In this case, since there are four bonding domains and no nonbonding domains, the electron-domain geometry will be a tetrahedral shape. Since the molecular geometry only accounts for the positions of bonded atoms and all atoms are bonded, the molecular geometry will also be tetrahedral.

In this situation, with three bonding domains and two nonbonding domains, the electron-domain geometry is trigonal bipyramidal. For the molecular geometry, we must consider only the positions of the bonded atoms. The nonbonding domains take up equatorial positions, so the molecular geometry will be T-shaped, as there will be three bonded atoms along with a 90-degree bond angle.

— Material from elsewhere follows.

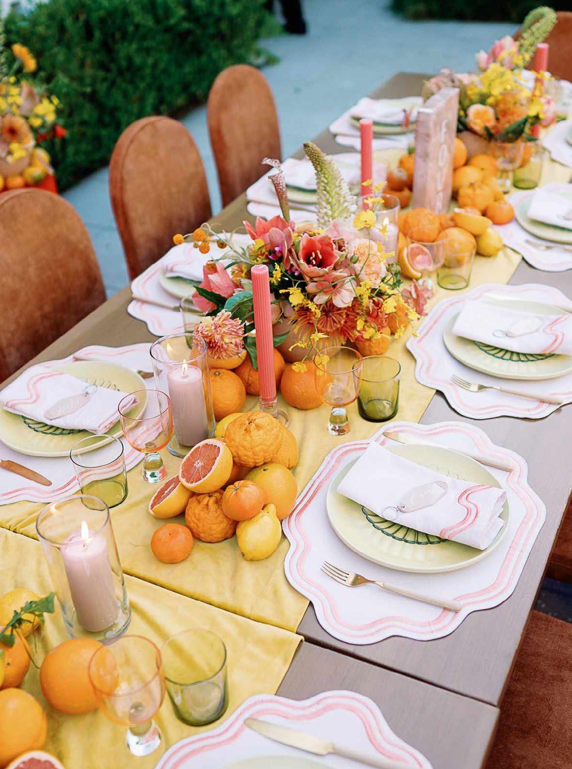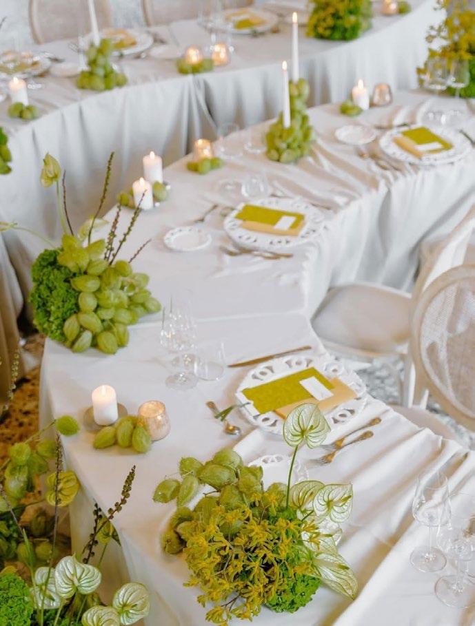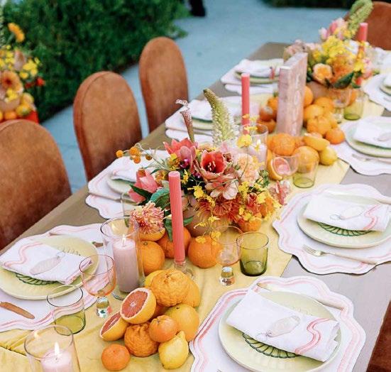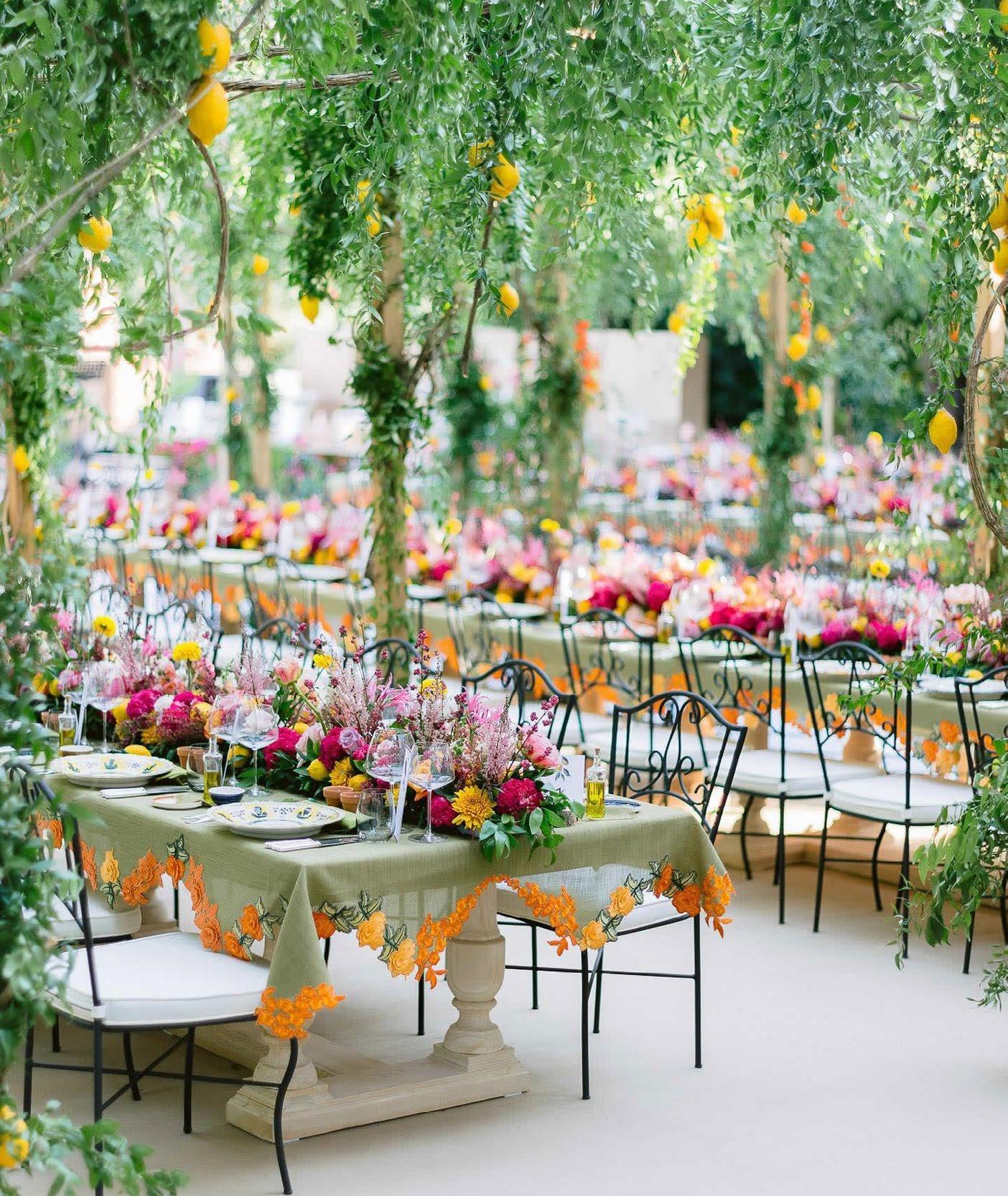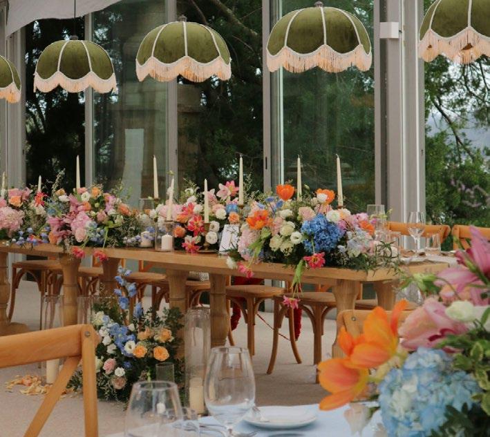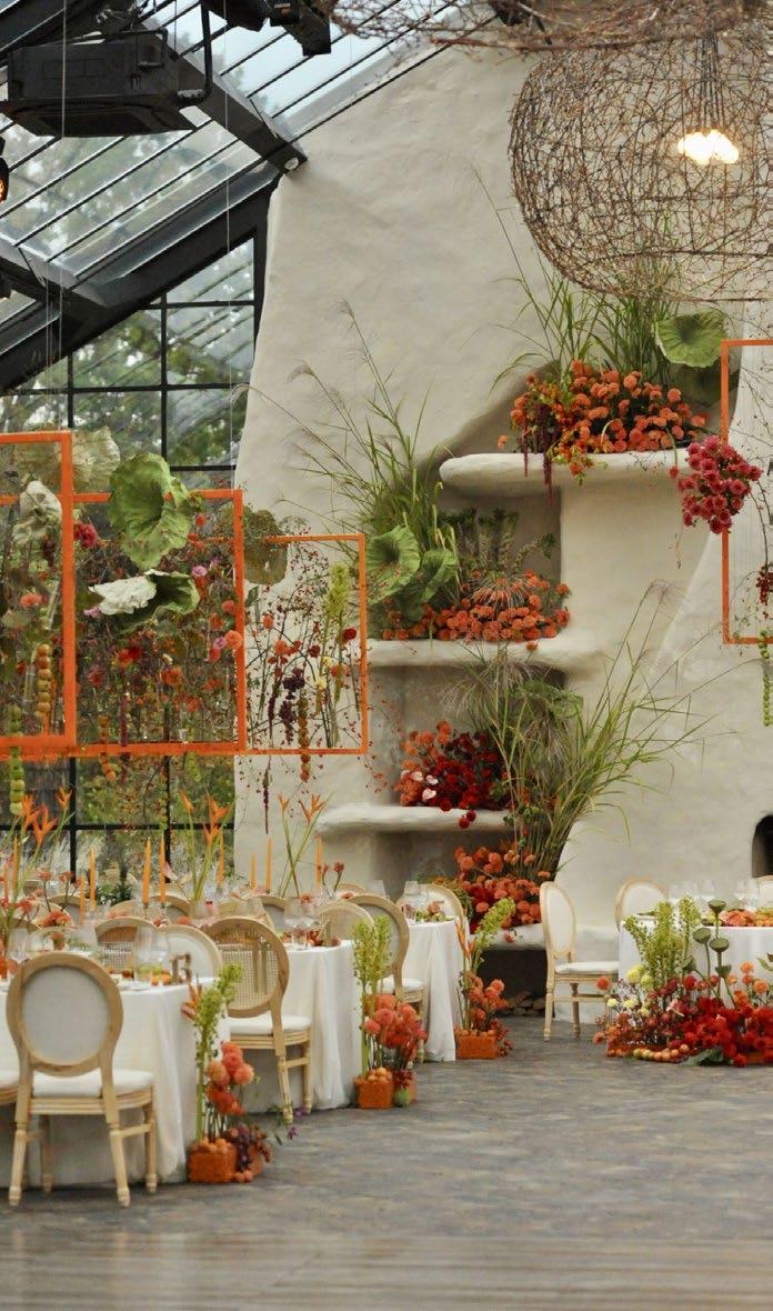 la decoración floral evoluciona hacia composiciones artísticas que incluyen frutas (como cítricos e higos) y ramas escultóricas, creando escenas poéticas en lugar de ramos tradicionales. los “prados florales” a ras de suelo y las nubes suspendidas ganan terreno para no obstruir las vistas. En cuanto a la iluminación, las velas cobran un rol principal en cascadas o estructuras aéreas, acompañadas de lámparas decoradas con vegetación, priorizando una luz cálida y envolvente.

In this case, five bonding domains and one nonbonding domain add up to a total of six electron domains. Therefore, the electron-domain geometry is octahedral. The molecular geometry must account only for the positions of the bonded atoms. The nonbonding domain will occupy one position, while the bonded atoms will occupy the other five positions, giving the molecular geometry a square pyramidal shape.

In this scenario, four bonding domains and two nonbonding domains together make up a total of six electron domains, so the electron-domain geometry will be octahedral, similar to the case of (c). Regarding the molecular geometry of this molecule, the two nonbonding domains will be located on opposite sides of the central atom, while the four bonding domains form a square plane. Consequently, the molecular geometry will be square planar.